The invention also provides a real-time data transmission and recovery system of the power secondary equipment corresponding to the data transmission and recovery method, which comprises a data blocking and frame recombining module of a link layer of a sending end, wherein the data blocking and frame recombining module is positioned on the link layer and is used for carrying out data blocking and recombining on a single data frame into two paths of data;

the data error detection, data restoration and frame recovery module of the frame receiving end is used for carrying out error detection, switching and restoration on the two paths of received data, recombining and recovering the two paths of received data into a single data frame and transmitting the single data frame to the link layer;

and the redundant transmission channel is used for transmitting the two paths of data which are recombined in blocks to a data error detection module, a data recovery module and a frame recovery module of a frame receiving end.

Drawings

FIG. 1 is a schematic diagram of a data interleaving transmission and recovery method according to the present invention;

FIG. 2 is a block diagram of a frame reassembly module according to the present invention;

FIG. 3 is a schematic diagram of restoration of fault frame data according to the present invention;

fig. 4 shows the link layer protocol and physical layer definitions of the original communication in the embodiment of the present invention.

Detailed Description

In order to make the objects, technical solutions and advantages of the present invention more apparent, the present invention is further described in detail with reference to the following embodiments. It should be understood that the specific embodiments described herein are merely illustrative of the invention and are not intended to limit the invention.

As shown in fig. 1, the method for transmitting and recovering real-time data of power secondary equipment according to the present invention provides a data blocking and frame reassembly module at a transmitting end, a hardware redundancy main and standby transmission channels, and a data error detection, data recovery and frame recovery module at a receiving end. The real-time data message frame is divided into data blocks by the data blocking and frame recombining module positioned at the link layer, is re-framed and then is transmitted to the data error detection, data recovery and frame recovery module positioned at the link layer of the receiving end by the redundant hardware channel, and after the received two paths of data are subjected to error detection and recovery, the real-time data message frame is re-framed into a real-time data message frame and is transmitted.

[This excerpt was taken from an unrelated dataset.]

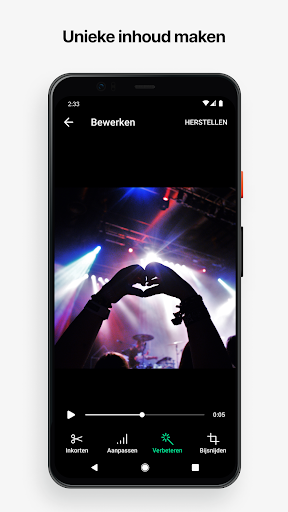 Gebruik intuïtieve tools om je foto's en video's te bewerken. Je kunt foto's en video's gemakkelijk bijsnijden, inkorten, recht maken, de belichting ervan aanpassen en er verbeteringen aan toevoegen.

The data block and frame recombination module at the sending end, the hardware redundancy main and standby transmission channels, and the data error detection, data restoration and frame restoration module at the receiving end also form a system adopted corresponding to the real-time data transmission and restoration method.

In one embodiment of the invention, the method is implemented in communication between board level controllers. As shown in fig. 4, the communication mode is designed as synchronous serial communication, and the physical layer transmission signals include FRM, CLK, and DATA, where FRM is used as the frame valid signal and CLK and DATA are used as the source synchronous DATA. The data interface rate of the buffer zone of the link layer is 250Mbps, the total length of messages of the link layer is 66 bytes, the length of an application frame is 60 bytes, the transmission rate is 25Mbps, and the transmission delay of the messages is 21.1 us. The application adopting the communication mode requires that the maximum delay requirement of message transmission between controllers is not more than 25 us.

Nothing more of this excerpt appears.